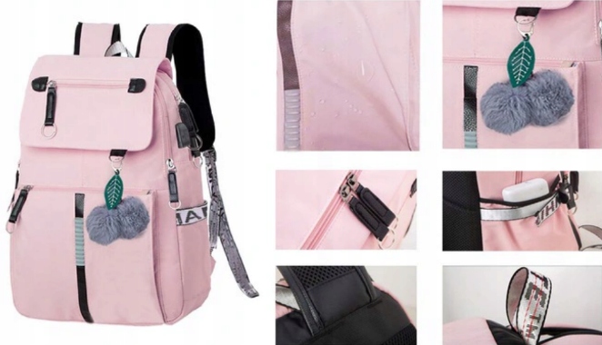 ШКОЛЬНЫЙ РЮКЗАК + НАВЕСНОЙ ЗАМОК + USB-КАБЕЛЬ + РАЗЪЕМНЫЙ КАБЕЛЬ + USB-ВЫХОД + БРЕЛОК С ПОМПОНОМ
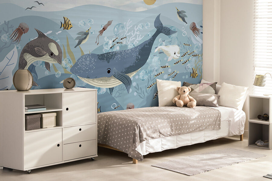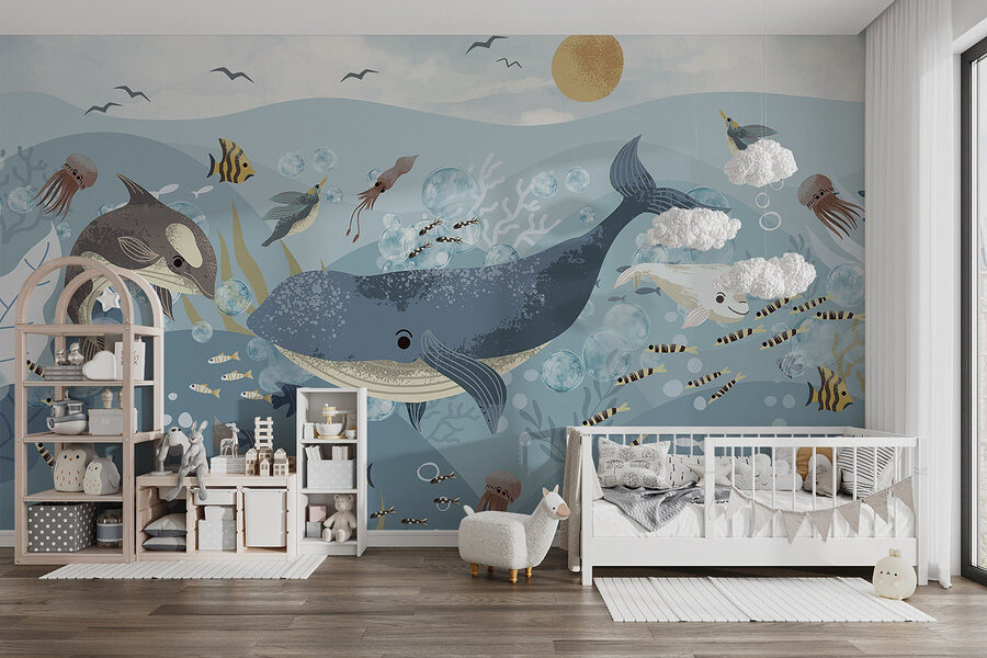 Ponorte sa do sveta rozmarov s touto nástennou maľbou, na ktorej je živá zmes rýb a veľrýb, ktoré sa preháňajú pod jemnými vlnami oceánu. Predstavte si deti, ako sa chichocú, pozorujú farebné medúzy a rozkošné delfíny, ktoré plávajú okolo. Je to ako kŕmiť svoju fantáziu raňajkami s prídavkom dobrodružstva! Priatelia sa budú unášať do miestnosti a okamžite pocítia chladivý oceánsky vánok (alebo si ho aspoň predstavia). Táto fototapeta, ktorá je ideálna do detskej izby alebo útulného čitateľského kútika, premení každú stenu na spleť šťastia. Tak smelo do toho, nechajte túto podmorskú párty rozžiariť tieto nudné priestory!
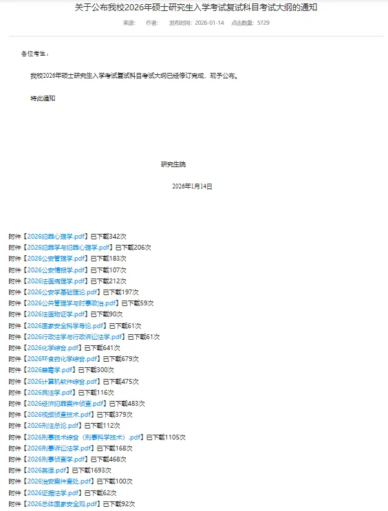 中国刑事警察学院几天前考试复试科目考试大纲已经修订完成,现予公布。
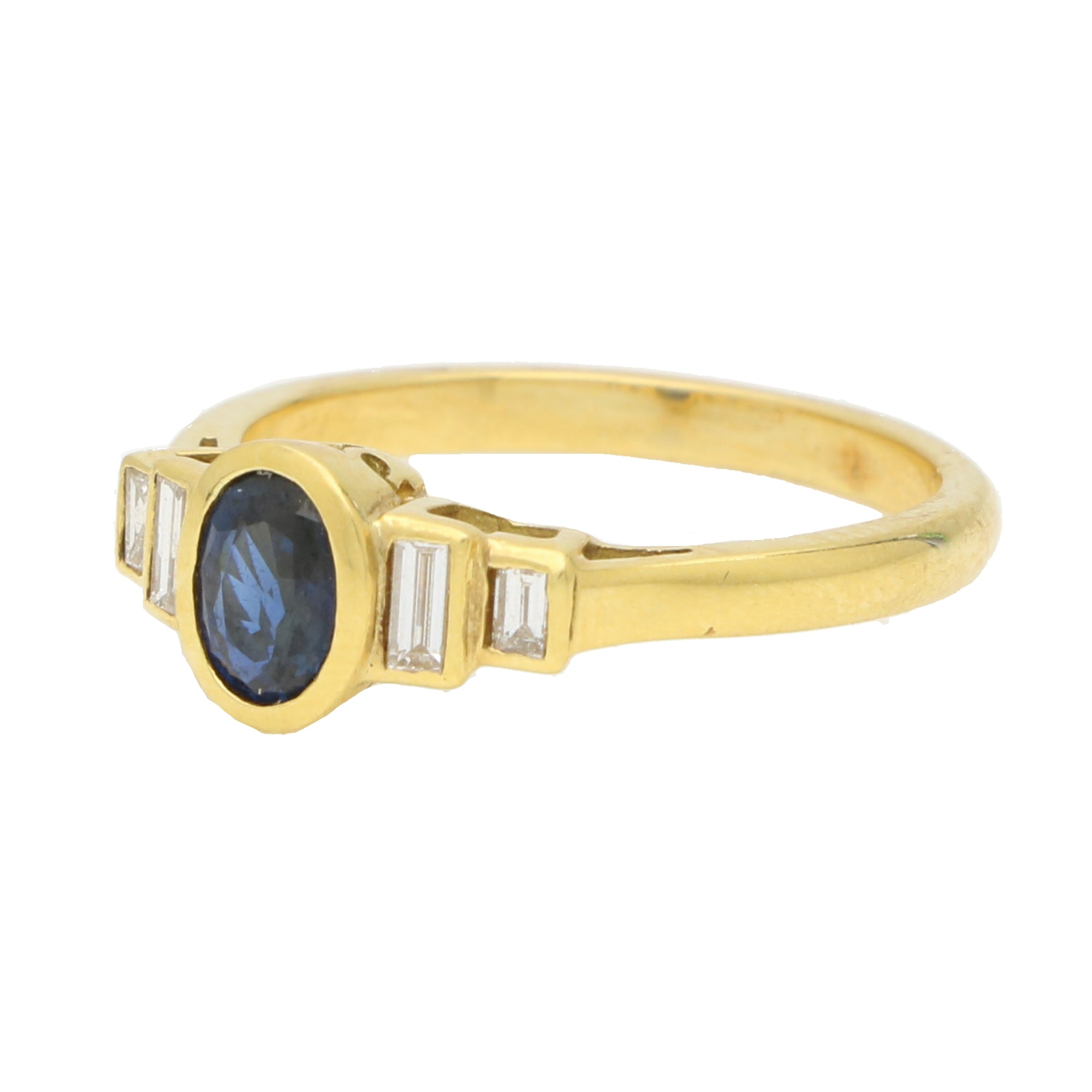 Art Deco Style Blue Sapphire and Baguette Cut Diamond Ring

*Try it*.
Give back the whole listing exactly as it stands. Drop every picture.

*Response*.
 ШКОЛЬНЫЙ РЮКЗАК + НАВЕСНОЙ ЗАМОК + USB-КАБЕЛЬ + РАЗЪЕМНЫЙ КАБЕЛЬ + USB-ВЫХОД + БРЕЛОК С ПОМПОНОМ
 Ponorte sa do sveta rozmarov s touto nástennou maľbou, na ktorej je živá zmes rýb a veľrýb, ktoré sa preháňajú pod jemnými vlnami oceánu. Predstavte si deti, ako sa chichocú, pozorujú farebné medúzy a rozkošné delfíny, ktoré plávajú okolo. Je to ako kŕmiť svoju fantáziu raňajkami s prídavkom dobrodružstva! Priatelia sa budú unášať do miestnosti a okamžite pocítia chladivý oceánsky vánok (alebo si ho aspoň predstavia). Táto fototapeta, ktorá je ideálna do detskej izby alebo útulného čitateľského kútika, premení každú stenu na spleť šťastia. Tak smelo do toho, nechajte túto podmorskú párty rozžiariť tieto nudné priestory!
 中国刑事警察学院几天前考试复试科目考试大纲已经修订完成,现予公布。
 Art Deco Style Blue Sapphire and Baguette Cut Diamond Ring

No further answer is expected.